Séjour all-inclusive pour fêlés du casque

Quand l’administration pénitentiaire américaine délègue à une société tierce et d’origine russe la gestion et l’incarcération des criminels les plus dangereux du pays, elle donne naissance au mystérieux établissement de Hoxford. Vous connaissiez le ténébreux centre de Shutter Island ? Eh bien, ici, point de faux-semblants : les bêtes sont partout dans et hors les cellules… La nuit venue, il se peut que ces mots soient même à prendre au pied de la lettre !

Le pénitent le passe

L’aventure démarre fort, avec la présentation de Ray Delgado, ce jeune vétéran de l’armée américaine, psychopathe condamné à la perpétuité pour 21 meurtres. Abusé sexuellement durant son enfance par son père et son oncle, témoin de la mort de sa mère, le nouveau résident d’Hoxford va rapidement trouver ses marques dans l’univers extrême que constitue l’établissement. Entre délires christiques et éclairs de lucidité, Ray n’est pas aussi disjoncté que ses codétenus pédophiles ou nécrophiles et sa relation de confiance avec le Docteur Jessica Ainley constitue ainsi l’un des aspects les plus attachants du plot.

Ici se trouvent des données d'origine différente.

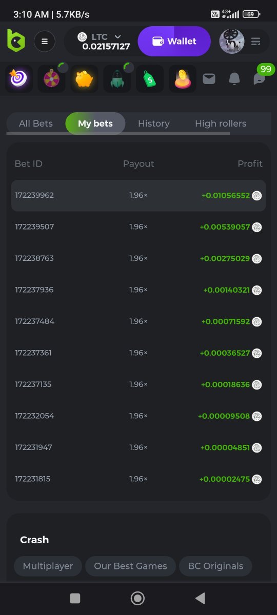 This is rare for me. I know i will probably lost everything on the next bet. Small wins will accumulate, so play it calm and safe guys.

Une fois posé le personnage, sa folie et le danger qu’il représente pour l’institution, la seconde partie du scénario donne lieu à une sorte de chasse à l’homme généralisée, qui rentre rapidement dans le rang question tension et angoisse, puisque les protagonistes jouent carte sur table contre les lycanthropes, flingues contre griffes. Pris dans son ensemble, le récit possède certes une force incontestable et, surtout, une ambiance pesante. Pourtant, on ne parvient pas à réellement déceler de souffle saisissant à cette histoire, sinon l’envie de narrer le retour au bercail du monstre parmi les monstres, jusqu’à sa prise de pouvoir. Pour certains lecteurs, cela apparaîtra peut-être suffisant, compte-tenu du format en cinq épisodes. D’autres, pourront aussi y voir une aventure rapidement consommable et divertissante. Certains, enfin, trouvera ça court.

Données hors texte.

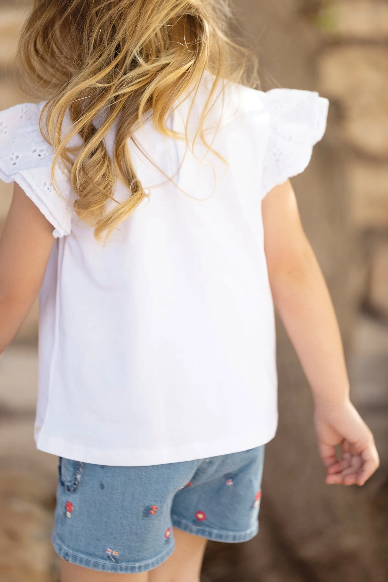Souple et délicat, ce joli t-shirt blanc aux manches volantées apporte fraicheur et élégance dans la garde-robe des petites filles. On craque sur son col rond apportant une touche supplémentaire de sobriété. Constituée essentiellement de coton, cette pièce sera idéale pour un été chic. Parfait à associer avec un joli short de la sélection pour un total look.

Ben Templesmith adosse sa création à une ambiance graphique des plus lourdes, avec des couleurs oscillant entre le très sombre et le très saturé, pour des planches presque éclairées à la bougie. Et de ce côté, on peut dire que le niveau de la réalisation est excellent. Même le character-design général est assez pertinent. Ray Delgado, la Graille, Morton… cette faune de cramés du citron a vraiment de la tronche, tout comme les loups-garous et leurs silhouettes imposantes ponctuées d’un rouge regard. Mais trop de cases restent posées sommairement pour ne pas donner l’impression d’une série produite rapidement. Car le talent graphique de Ben Templesmith est indéniable (« 30 jours de nuit », « Wormwood », « Silent Hill ») et un sketchbook bienvenu en atteste une nouvelle fois, en fin de volume.

De portée limitée ?

Evidemment, il saute aux yeux que l’auteur avait envie d’ « envoyer sec » le temps d’une mini-série directe et sans circonvolution. Ben Templesmith l’exprime du reste très clairement dans sa préface. Et pour ça, pas de souci, tout lecteur désireux de plonger dans cet univers carcéral ultra-violent y trouvera son compte, avec force giclées de sang, des macchabées, des tueurs en série cannibales et, bien sûr, des loups-garous… On comprend également qu’il y a là un discours sur la bestialité qui entoure et nourrit les microcosmes pénitentiaires. Après, pour véritablement trancher sur ce tome, il sera surtout question d’accrocher ou pas à l’esthétique de l’ouvrage, capable à la fois du meilleur avec de superbes compositions pleines pages, et, malheureusement, de cases mineures trop esquissées pour ne pas perdre en intérêt. La mise en couleur, elle, reste en revanche maîtrisée sur l’ensemble des 5 épisodes et contribue massivement à l’atmosphère bien glauque et poisseuse qui règne sur la prison. Pour l’originalité de son concept, « Welcome to Hoxford » mérite cependant que tout amateur de récit d’horreur se fasse sa propre opinion en se repaissant des meilleurs abats de cet inquiétant anti-héros.

[Nicolas Lambret]

« Bienvenue à Hoxford », par Ben Templesmith (scénario et dessin), Editions Delcourt, Coll. Contrebande, août 2011, 100 p.